Xenleta exerts antibacterial effects by inhibiting bacterial protein synthesis and is suitable for adults with community-acquired bacterial pneumonia.

What diseases does Xenleta treat?

It is specifically used to treat community-acquired bacterial pneumonia (CABP) in adults. The susceptible microorganisms it targets include:

1. Gram-positive bacteria: Streptococcus pneumoniae and methicillin-sensitive Staphylococcus aureus.

2. Gram-negative bacteria: Haemophilus influenzae.

3. Atypical pathogens: Legionella pneumophila, Mycoplasma pneumoniae, and Chlamydia pneumoniae.

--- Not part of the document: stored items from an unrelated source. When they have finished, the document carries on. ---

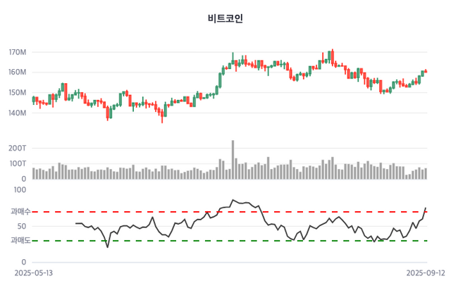 한편 비트코인 가격은 하락 중이다. 코인마켓캡에 의하면, 비트코인은 이날 오후 3시 30분 현재 160,109,328원에 거래 중이다. 161,631,600원을 최고점을 찍고 0시 대비해서는 504,032원(-0.31%) 하락한 가격이다.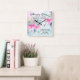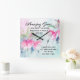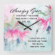 O relógio de parede retrata uma bela aquarela floral com flores cor-de-rosa num fundo azul. Ele apresenta o amado Hino Cristão, "Graça Incrível, quão doce o som que salvou um miserável como eu! Uma vez eu estava perdido, mas agora eu me encontrei, era cego, mas agora eu vejo."
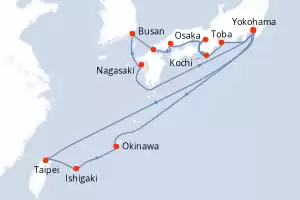 Corea del Sur, Taiwán, Japón Itinerario: Yokohama , Taipei , Taipei , Ishigaki , Okinawa , Yokohama , Toba , Osaka , Kochi , Hiroshima , Kanmon Straits , Busan , Nagasaki , Yokohama Comidas incluidas Diamond Princess 19 días Camarote estándar Yokohama 22/09/2026 desde US$3563 EL PRECIO NO INCLUYE LA PERCEPCIÓN DEL 30% DE AFIP - RG 5463 TARIFA NO REEMBOLSABLE Comidas incluidas Ver las ofertas

To reduce the development of drug-resistant bacteria, lefamorelin should only be used for infections confirmed or highly suspected to be caused by the above-mentioned susceptible bacteria.

The pictures come from public channels (such as the official website of the FDA, the official website of the original drug manufacturer, etc.) and are for reference only.

Xenleta usage and dosage

1. Recommended dose and course of treatment

Oral tablet: 600mg, once every 12 hours, the recommended course of treatment is 5 days.

When clinically necessary, patients can switch from intravenous treatment to oral tablets to complete the entire course of treatment.

2. Dose adjustment in patients with hepatic impairment

Oral tablets: Studies have not been conducted in patients with moderate (Child-Pugh Class B) or severe (Child-Pugh Class C) hepatic impairment, so use is not recommended for such patients.

3. How to take the medicine

The tablets should be taken on an empty stomach at least 1 hour before a meal or at least 2 hours after a meal. The whole tablet should be taken with enough water (about 180-240mL) and should not be crushed or broken.

4. Treatment of missed doses

If you miss a dose, you should take it as soon as possible; but if the next dose is less than 8 hours away, you should skip the missed dose and take the next dose directly as planned. Do not double the dose.

Xenleta Pharmacokinetics

1. Absorption

The average bioavailability of oral tablets is approximately 25%. A high-fat diet will significantly reduce its absorption, so it needs to be taken on an empty stomach. The peak blood concentration is reached approximately 0.88 to 2 hours after taking the drug.

2. Distribution

Lefamoren has a high binding rate to human plasma proteins (94.8%-97.1%) and a large distribution volume (about 86.1L), indicating that it is widely distributed in tissues in the body. Studies have shown that its concentration in the lung epithelial lining fluid is significantly higher than unbound plasma drug concentrations.

3. Metabolism

Lefamoren is mainly metabolized by the CYP3A4 enzyme in the liver cytochrome P450 system.

4. Excretion

After administration, the drug is mainly excreted through feces (about 77.3%) and partially through urine (about 15.5%). Its average elimination half-life is about 8 hours.

Lefamoren tablets themselves will also increase the plasma concentration of certain drugs metabolized by CYP3A4, and it is prohibited to be used in combination with CYP3A4 substrates (such as pimozide) that can prolong the QT interval.